Verhältnissen preis.

– Die Polizei wird Sie niemals um Geldbeträge bitten. Dazu zählen

auch Geldüberweisungen mittels Transferunternehmen
(Moneygram, Western Union, RIA, etc.).

– Lassen Sie sich am Telefon nicht unter Druck setzen. Legen Sie

einfach auf.

– Übergeben Sie niemals Geld oder Wertgegenstände an unbekannte

Personen.

– Lassen Sie sich nicht davon beirren, dass die Anrufer

augenscheinlich über Ihre Lebensumstände informiert sind.

– Rufen Sie beim geringsten Zweifel bei der Behörde an, von der
die

angebliche Amtsperson kommt – in diesem Fall die (echte!!) Polizei.

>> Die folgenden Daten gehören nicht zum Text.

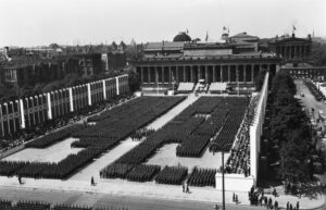 Politische Feier-Kultur. Von einem Institutsmitarbeiter angefertigte Fotografie vom Institutssitz im Berliner Stadtschloss auf den Lustgarten anlässlich des Einzugs der Spanischen „Legion Condor“ 1938 [11]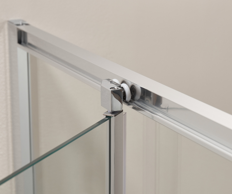 Zasouvací dveře se inovativním způsobem zasouvají dovnitř sprchového koutu, čímž vzniká velký vstupní prostor. Díky tomu dveře nezasahují do prostoru koupelny. Jde o velmi vhodné řešení i pro malé koupelny.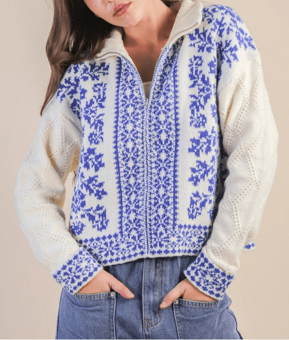Stay warm in style with the Winter Blues Sweater. Featuring a cream base with bold blue knit patterns, this sweater blends timeless design with cozy comfort. The quarter-zip neckline adds a sporty, modern touch while the relaxed fit makes it easy to layer over your favorite basics. Perfect for chilly days, this piece brings both comfort and charm to your winter wardrobe. 95% Polyester, 3% Acrylic, 2% Nylon.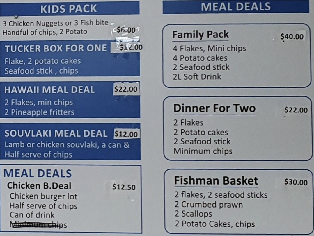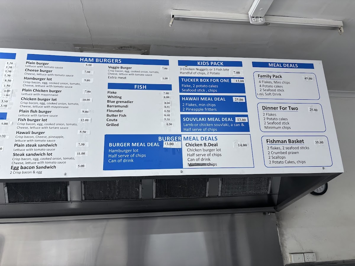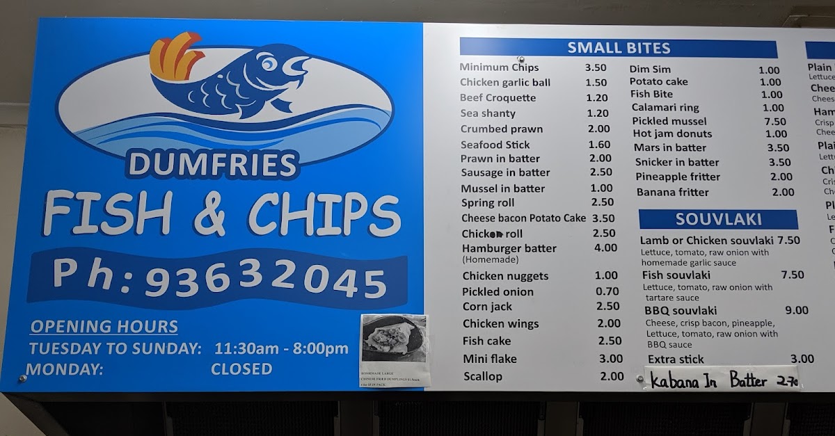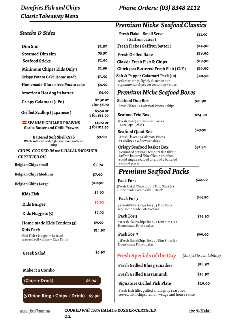 Overall, the menu at Dumfries Fish And Chips offers an impressively diverse range that goes well beyond the typical takeaway, making it a satisfying spot for a variety of cravings. From classic staples like Fresh Flake - Small Serve, Classic Fresh Fish & Chips, and the gluten-free Chick pea Battered Fresh Fish (G.F) to hearty options such as the Seafood Trio Box and Crispy Seafood Basket Box, the seafood selection is clearly a highlight. The inclusion of gourmet choices like Fresh Grilled Barramundi and Signature Grilled Fish Plate adds a premium touch. Beyond seafood, the menu expands into filling options like the Double Brekky Roll (Halal), Wagyu’s Egg Roll, and satisfying burgers such as the Hero Chicken (Grilled or Crispy) and Crispy Fish Burger. There’s also plenty for those seeking variety, including wraps like the Chicken Shawarma, indulgent bites like Buffalo Wings (8) and Corn Ribs, and even desserts like Belgian Chocolate Cheesecake. Drinks such as Watermelon Juice (100%) and Glass Bottle Coke 330ml round out the offerings. Altogether, the menu feels thoughtfully curated, balancing traditional fish-and-chip favorites with modern, diverse additions that cater to a wide range of tastes.
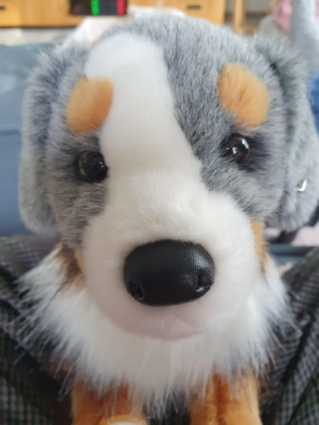Sinclair the Australian Shepherd is full of energy and ready to bounce his way in to your heart. His soft shaggy grey salt and paper fur with rust accents give him a realist look. He'll win over any dog lovers heart with ease.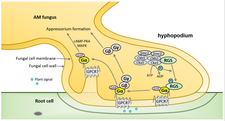 基于研究结果和基因组学分析,作者提出了AM真菌G蛋白信号组分调控附着足形成的工作模型(如图2所示)。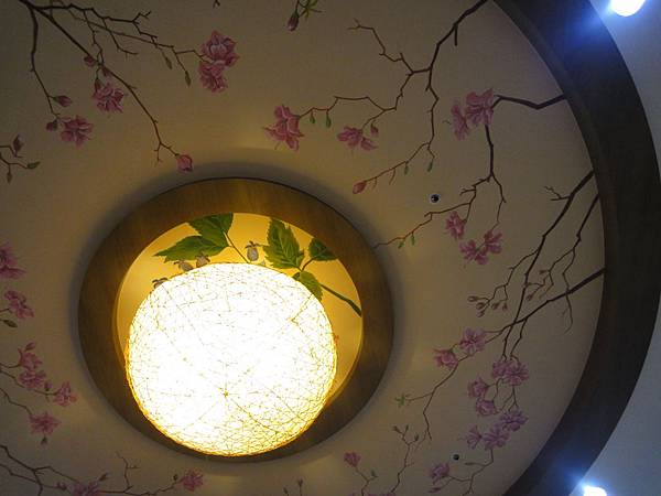 來發現周遭都是睡翻過去的阿朱媽,好有趣,而面對的天花板,是富傳統韓風的燈具(下),

– Suchen Sie die Telefonnummer der Behörde selbst heraus oder

lassen Sie sich diese durch die Telefonauskunft geben.

Wichtiger Hinweis: Nicht weiterleiten lassen – selber auflegen (und damit das Gespräch beenden) und dann die ECHTE Polizei unter der Ortsnummer (Polizei Fürstenau: 05901/961480) oder 110 anrufen.

Rückfragen bitte an:

Polizeiinspektion Osnabrück
Mareike Edeler
Telefon: 0541/327-2071
E-Mail: pressestelle@pi-os.polizei.niedersachsen.de
http://www.pi-os.polizei-nds.de

Original-Content von: Polizeiinspektion Osnabrück, übermittelt durch news aktuell

POL-OS: Fürstenau – Warnung vor falschen Polizeibeamten

Quelle: https://www.presseportal.de/blaulicht/pm/104236/5006833
Presseportal Blaulicht
Letzte Artikel von Presseportal Blaulicht (Alle anzeigen)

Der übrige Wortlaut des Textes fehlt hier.